6. Консенсус как критерий

Кант строит свою моральную теорию, рассматривая рациональное поведение изолированного субъекта, генерализирующего принцип, которым определяется это поведение. Отказываясь от кантовского монологизма, Хабермас надеется обосновать когнитивный подход к этике в своей теории истины на основе консенсуса, где рациональный консенсус заменяет категорический императив. Идея консенсуса — характерная черта политических теорий социального контракта: от Руссо до Роулса. Идея Руссо об общей воле, лежащая в основе категорического императива Канта как значимого для всех, имеет отдаленный отклик в понятии Роулса о пересекающемся консенсусе, подразумевающем построение минимальной политической системы.

Следуя Руссо, полагавшему, что общая воля всегда права, Кант обосновывает принцип или максимум действия, на основе его универсализируемости. Если идея универсальна, если она потенциально подходит каждому, то она должна быть приемлема как принцип действия для всех рациональных существ. Все же, поскольку кантовская процедура соотносится с тем, что правильно, а не с тем, что полезно, она полностью игнорирует возможные последствия.

Здесь корень гегелевской полемики с Кантом, идею которой можно приблизительно выразить в том, что справедливое, или морально корректное, полезно лишь случайно. Зная об этом возражении, Хабермас, в свою очередь, переопределяет справедливое как полезное в квазиутилитарном плане, согласно своей идее, что мы можем принять нормы как обоснованные, если только они могут быть приняты как таковые и другими, которые учитывают все типы возможных последствий. Иными словами, его теория полагается на рациональный консенсус, исходя из утилитарной перспективы для процедуры решения.
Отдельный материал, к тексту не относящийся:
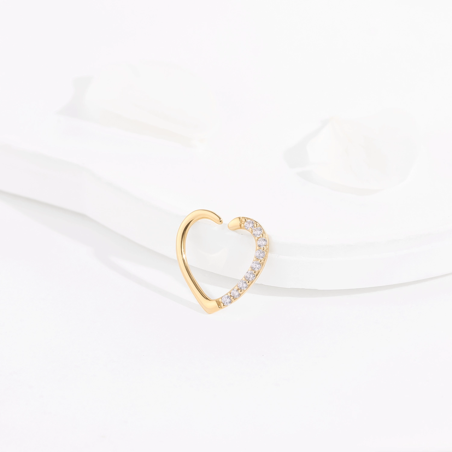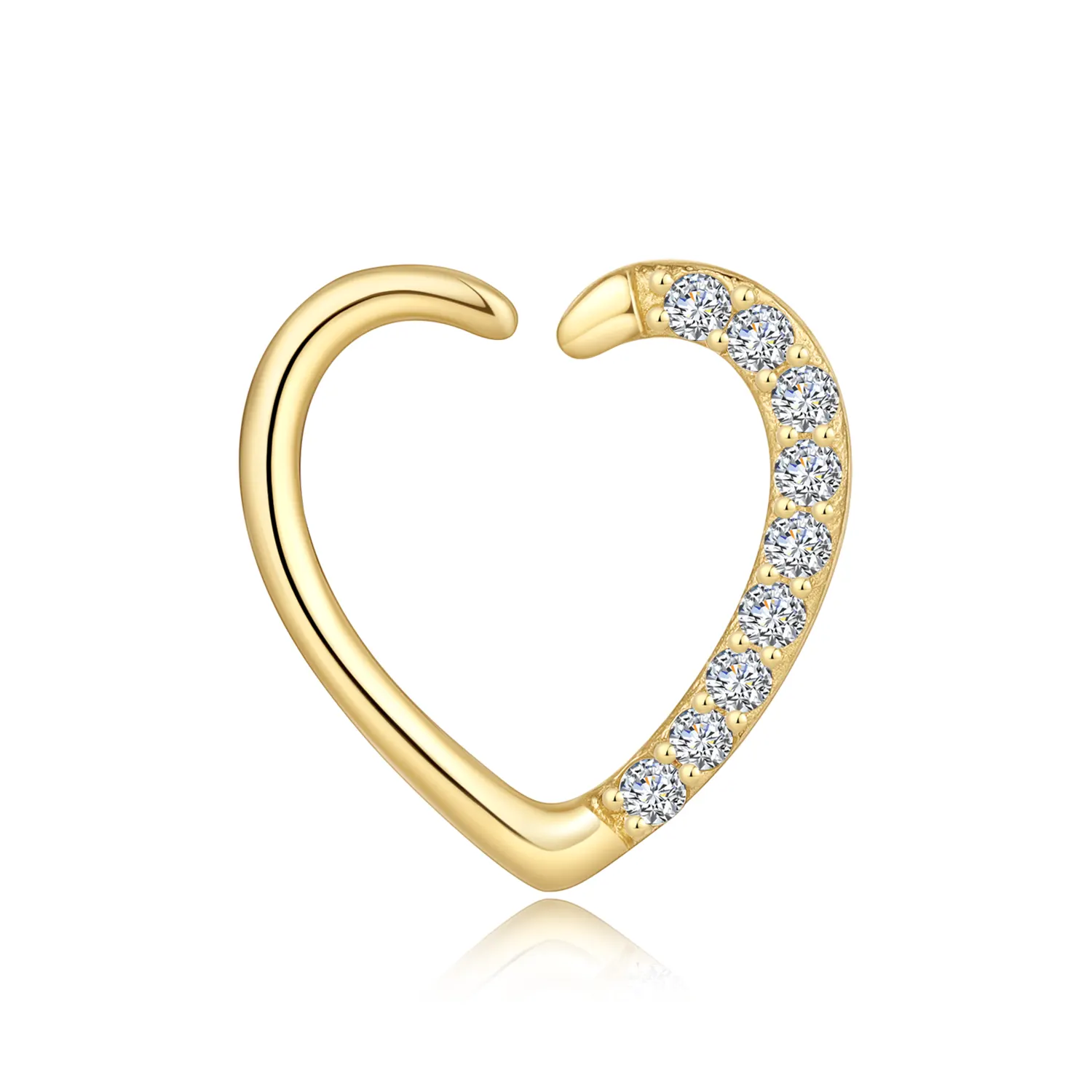 Introducing GY32G: Elevate your piercing jewelry collection with this 14K solid gold seamless ring, featuring a charming heart design adorned with sparkling CZ stones. This elegant piece adds a touch of romance and sophistication to your style. 1.2*10mm

Консенсус для Хабермаса — основа его концепции этики дискурса. Но консенсус — понятие проблематичное, особенно как основа этической теории. Николай Решер в своей интересной книге недавно критиковал консенсус с точки зрения демократического плюрализма. Он убедительно показывает, по-моему, вполне корректно, что консенсус, в лучшем случае,— один из факторов в определении способа действия 37.

Конечно, идея достигаемого любой ценой политического консенсуса открывает путь консенсусу насильственному, даже тоталитаризму, и представляется отрицающей саму возможность законных разногласий, которые теперь кажутся непостижимыми и, безусловно, неразрешимыми. Оруэлл и сами реальные формы тоталитаризма в нашем беспокойном веке, говорят по-разному, но одинаково убедительно, об опасностях насильственного консенсуса в политике, науке и других сферах жизни.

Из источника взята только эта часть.